I had always been the black sheep of middle class Bengali opinion. A failure when it came to being ‘Ram’….. as in ‘Ram baro bhalo cheley. Ram roj pora koriya school jay. Ram kaharo sathey maramari korena. Ram Baba, Maa’ke dukho deyna. Ram pujoy chiter jaama poriya khushi hoy….etc’. Climbing trees, playing imaginary battles with GI Joes, making the perfect paper plane, sailing paper boats in puddles, picking up fights, using improvised explosive devices to blow up letter boxes, sitting by the window gazing at the sky through stormy nights, staring at the sky for hours trying to spot Russian sputniks….. reading every book I could lay my hands on and dreaming of travelling to all the places I read about and this sort of stuff always meant more to me than being ‘Ram’. Not surprisingly I was considered a write off. The fact that I was better than most at almost every sport, I could paint, play the guitar, write better than most my age or that I had learnt Hindi and Deutsch (from half a book….what pun!!) completely on my own remained a closely guarded secret as I hated publicity. I never tried to reform my public image of the perfect ‘antonym’ of Ram. And even today when I’m told how I have changed and how successful I’ve become, or what a dutiful son I turned out to be…. by those same people who had written me off back then…. I normally smile, a patronizing combination of a smirk & condescending arrogance, implying a descent from superiority. One may wonder then why I aimed for good grades this time. First I wanted to see if I am capable of it…. whether my confidence was ill founded and I wanted to feel what is it like to be ‘Ram’…. and this is where begins My Happy Post…….

Even before the decision to go to Glasgow for my modular courses was finalized I knew that I will see the Scottish Highlands….. no matter what it took. I was there in 1999…. exactly a decade back and I wanted to go back. I set out from home at the crack of dawn. My plan was to drive straight to Aberdeen and then drive back through the Highlands stopping wherever I felt like. Maverick as usual I chose to take the country roads instead of the motorway. I took the M8 motorway till Erskine, crossed the bridge and hit A82. The speedometer showed a steady 60 miles per hour and I…… and I hurtled back through time at 60 minutes per hour.

I will not make this a travelogue. It’s the journey of a man through time to meet a nineteen year old boy. In Aberdeen I went to the same log fire eatery where we used to relish hot meals when on shore leave.
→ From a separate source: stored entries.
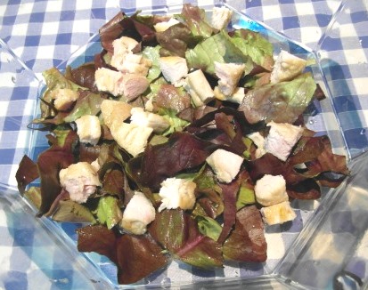 A una ensalada de lechuga se le pueden añadir muchos ingredientes, yo eché mano de lo que tenía y organicé este plato que resultó muy rico y sabroso.
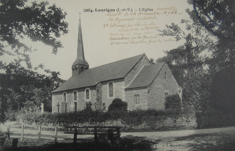 2984. LANRIGAN (I.-et-V.) - l'Eglise, carte postale, E. Mary-Rousselière édit, Rennes, [s.d.] (A.D. Illet-et-Vilaine : 6 Fi Lanrigan).
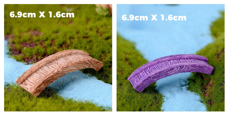 El mini puente es adecuado para modelistas, coleccionistas y creadores de micro mundos creativos. Puede ser colocado sobre un arroyo, entre piedras o como parte de una escena de jardín. Se combina bien con figuras, árboles, estanques, senderos u otros accesorios de modelismo.

I was a Gentleman Cadet then and had a meager stipend of 300 US dollars & I remember having to check the price before ordering. I ate a Yorkshire pudding and had this mad urge to ask the staff if they recognized me. Sitting there…. nibbling on me pudding, so much which I have left behind came rushing back….. my earliest days at sea. And I was happy….. overcome with Joy….overwhelmed with emotions. All those people I left behind came rushing back. Mambo….. he had the whitest teeth I have ever seen, How is Mio Min Tun and Kopote Ye…. Did Mio marry the girl he loved? Juma Obundi….. I wondered if he still has that loud belching laughter, Yusufoi Muhammed…. he was a softie scared of violence. Does he still have the nasty African habit of closing the eyes while shooting? What happened to the Somali who used to be a professor before civil war broke out? Where is Serg….what is is he up to? Does he remember me? Did Yousufoi manage to buy a home in Zanzibar….. how old are Mambo’s twin daughter’s now? Juma was of the Luo people, Yusufoi was of the Lozi…. do they still tease each other? Does Juma still play the ‘Nyatiti’… do they still dance at the beats of the ‘Djembe’ like we used to. I hummed to myself the song I’ll never forget….. ‘Jambo jambo bwana abari gani mizuri saana’. We worked hard, drank together, laughed together….warm hearty laugh of young boys on the verge of manhood…. full of life…. I was happy then, I am happy now thinking of then….. full of boundless Joy…. From Aberdeen I drove to Inverness ( Inbhir Nis in Celtic )…. I had posted letters from Inverness….. phone was too expensive those days. Next stop Loch Ness…. I had first read about the Loch Ness monster in ‘Anondomela’. It used to be a black and white magazine those days & there was a grainy photograph of Nessie….. I doubt if anyone will believe if I say that I had the same thrill last Saturday that I had had in 1999 or that I still have that issue tucked away somewhere. I am living my dreams – everyday :) I drove on to Fort Augustus, Loch Eil, through the Ben Nevis range…. to Inverlochy, Drumnadrochit, Loch Lomond, Loch Leven…. stopping at every breathtakingly beautiful spot that I could.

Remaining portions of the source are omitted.